The paper presents the first evaluation of SiSeRO, a new charge detector with high gain and low noise, and discusses its potential for advanced X-ray imaging systems.

Findings

Charge/current conversion gain of 700 pA per electron

Equivalent noise charge (ENC) of 15 electrons RMS

FWHM of 230 eV at 5.9 keV

Abstract

We present an evaluation of a novel on-chip charge detector, called the Single electron Sensitive Read Out (SiSeRO), for charge-coupled device (CCD) image sensor applications. It uses a p-MOSFET transistor at the output stage with a depleted internal gate beneath the p-MOSFET. Charge transferred to the internal gate modulates the source-drain current of the transistor. We have developed a drain current readout module to characterize the detector. The prototype sensor achieves a charge/current conversion gain of 700 pA per electron, an equivalent noise charge (ENC) of 15 electrons (e-) root mean square (RMS), and a full width half maximum (FWHM) of 230 eV at 5.9 keV. In this paper, we discuss the SiSeRO working principle, the readout module developed at Stanford, and the first characterization test results of the SiSeRO prototypes.
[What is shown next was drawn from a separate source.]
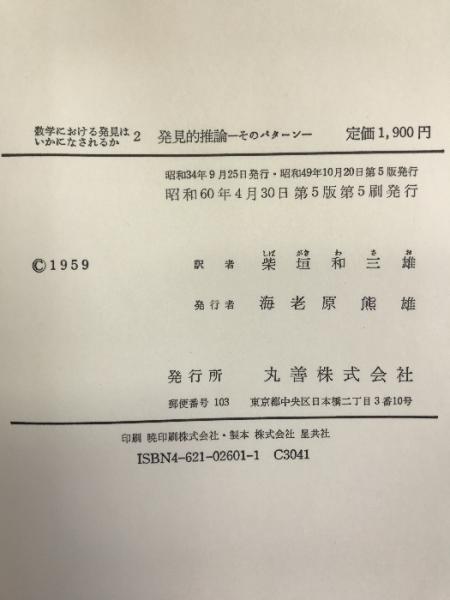 数学における発見はいかになされるか 2 発見的推論 丸善 ポリア
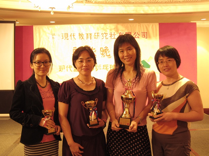 At the “Modern Cup” Table Tennis Competition 2012, University of Macau (UM) staff from the Faculty of Education (Dr. Emily Shieh Jin-Hy and Dr. Jiang Chunlian) and the Faculty of Social Sciences and Humanities (Dr. Chen Yu and Dr. Angela Chang) won the first runner-up prize in the women’s group category. Mr. Lei Man Kei from the Information and Communication Technology Office won the first runner-up prize in the men’s individual category.

While at present only a proof-of-concept experiment, in the near future we plan to use next generation sensors with improved noise performance and an enhanced readout module. In particular, we are developing a readout module enabling Repetitive Non-Destructive Readout (RNDR) of the charge, which can in principle yield sub-electron ENC performance. With these developments, we eventually plan to build a matrix of SiSeRO amplifiers to develop an active pixel sensor with an on-chip ASIC-based readout system. Such a system, with fast readout speeds and sub-electron noise, could be effectively utilized in scientific applications requiring fast and low-noise spectro-imagers.